Wonder Ballroom, 10:30 pm
[TRAP] Twenty-two-year-old producer Henry Steinway became an EDM and hip-hop star last year with ubiquitous club anthem “Trap on Acid,” and his remixes of Kanye’s “Mercy” and Benny Benassi’s “Satisfaction.” The Los Angeles DJ’s new High Beams EP keeps the beats thick, trippy and expectedly crunkified, enlisting much-hyped rapper Problem for auto-tuned earworm “Secondary.” Grime’s dense, dark soundscapes can turn straight-up odd, but fans will dance to it until the drugs wear off, regardless. AMANDA SCHURR.
The Joy Formidable
Roseland Theater, 11 pm
[HEAVY ART POP] Taking the bombastic sound that marked its staggering and surprising debut, The Big Roar, and ratcheting up the musicianship and explosiveness, Welsh trio the Joy Formidable’s sophomore release, Wolf’s Law, sets a new bar. Here, double-bass pedals hammer down like thunder over wailing guitar hooks guided home by Ritzy Bryan’s ethereal vocals. The trio proves there’s no limit to the amount of sound a sparse outfit can emit, veering into Zeppelin territory even when grounded in sure-footed art pop.

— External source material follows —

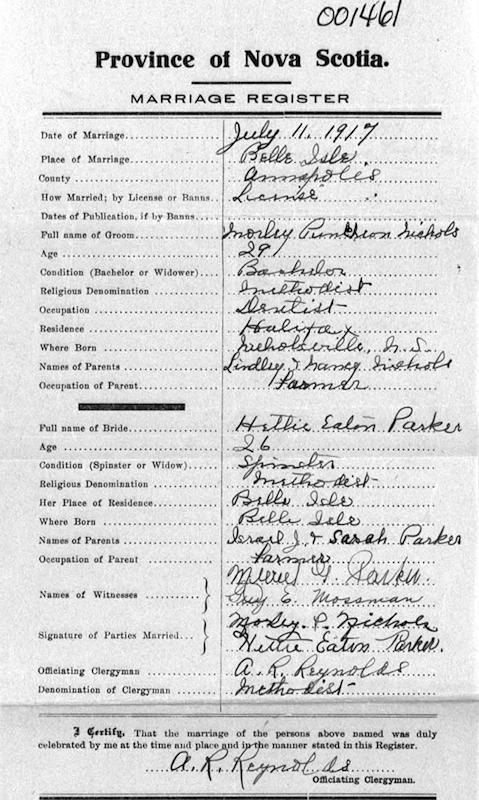Parents Father: NICHOLS, Lindley Moore Mother: BENT, Nancy M. Birth Born on July 06, 1888 in Nicholsville, Kings Co., NS Death Died on February 18, 1953 in Nicholsville, Kings Co., NS Buried in Aylesford Union Cemetery in Aylesford, Kings Co., NS Marriages PARKER, Hettie Eaton Married on July 11, 1917 in Belleisle, Annapolis Co., NS Children NICHOLS, Frances LaVaughn: June 18, 1919 NICHOLS, Phyllis Jeanette: June 01, 1922 - July 18, 2014 NICHOLS, Thelma Bernice: March 22, 1926 - April 09, 2009 Notes Occupation: Dentist Death: Coronary Thrombosis Sources Nova Scotia Deaths: Year 1953 #1884 Images Morley Nichols Death Morley Nichols Marriage

AP KRYZA.
[BACKWOODS PUNK] When you transplant a punk band from New York City into the Catskills, something’s gotta give. For Brooklyn quartet the Men, what gave was the piercing hard rock of which we’ve grown accustomed. Newest record New Moon shows the band dabbling in alt-country, Americana and even Southern rock elements without completely forfeiting the bracing musical persona that’s brought the group success. MARK STOCK.